I’d blame the fuel pump. The Bosch pumps on my old Volvos get really cranky when the weather gets hot, you can hear them groaning. When one of them started going bad, the failure mode was inability to maintain fuel pressure when accelerating leading to engine cutting out for half a second as it kept gasping air. Eventually it would just stop running until the pump cooled off.
You can’t get vaporlock in a fuel injected engine unless the fuel pressure is below specifications. Carbureted cars get vaporlock because they only use 8 PSI. More then that and the float valve won’t close. Fuel pressure in a Fuel injected system is much higher.

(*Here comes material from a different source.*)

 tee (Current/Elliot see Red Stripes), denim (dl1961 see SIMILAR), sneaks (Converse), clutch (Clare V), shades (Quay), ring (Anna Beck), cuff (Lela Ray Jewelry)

Something is restricting the fuel flow and causing low pressure in high demand situations. Filter, blocked line, bad fuel pump(s), or a partially failed fuel pressure sender. Get a mechanical fuel pressure test set from Harbor Freight and go for a spirited drive with a buddy to watch the gauge. It should drop significantly from the reading at idle.

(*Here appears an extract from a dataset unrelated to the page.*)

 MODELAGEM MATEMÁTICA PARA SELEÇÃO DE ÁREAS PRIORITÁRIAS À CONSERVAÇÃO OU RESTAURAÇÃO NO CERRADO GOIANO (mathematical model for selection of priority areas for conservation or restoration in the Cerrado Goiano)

dtmcdani called it. All lot of owners reviewing the car on Edmunds.com say they have had stalling and hesitation issues due to a saturated charcoal cannister/ faulty purge valve.
I’m sorry, but I don’t actually see how it could be true vapor lock. All fi cars have a return line back to there tank so there is constantly a flow of fresh cool fuel. I could see the possibility of the vapor canister saturated with raw fuel possibly. Or a weak fuel pump or regulator causing low fuel pressure.
Just because I love being pedantic, (and don’t have any specific knowledge on the R32), not all fuel injected systems use a return fuel line. Though considerably less common, there are cars that use a returnless system where the fuel pressure regulator is located at the tank, bleeding off excess fuel pressure right at the pump.
Modern fuel injected cars have a single fuel line. There is no longer a return line.
Right you are.
That’s what I get for focusing more on late-nineties designs and therefore presuming that returnless was an outlier. Sure enough, it seems that most, if not all, of the major manufacturers have gone returnless.
I hope you read this because it is probably NOT vapor lock. This is a fuel pump problem. The in-tank pump overheats and fails. Once it cools down, it’ll restart and run fine. The pump will diagnostic test just fine in the shop, but it will strand the dealer mechanic five miles down the road on a hot summer day. Once the pump was swapped out, no more problems.
Not sure what causes the pump to fail the first time, but most of the cars I’ve seen with that problem either got gas with water (premium in low traffic areas) or had a high ethanol content.
In every case, replacing the pump solved the problem. Believe me, when customers say they can only drive their car at night or when it is cold, you pay attention.
Yes. I have this car it’s a real piece of . It’s not vapor lock though. The fuel tank has a design flaw and it builds up vacuum and starves the fuel pump.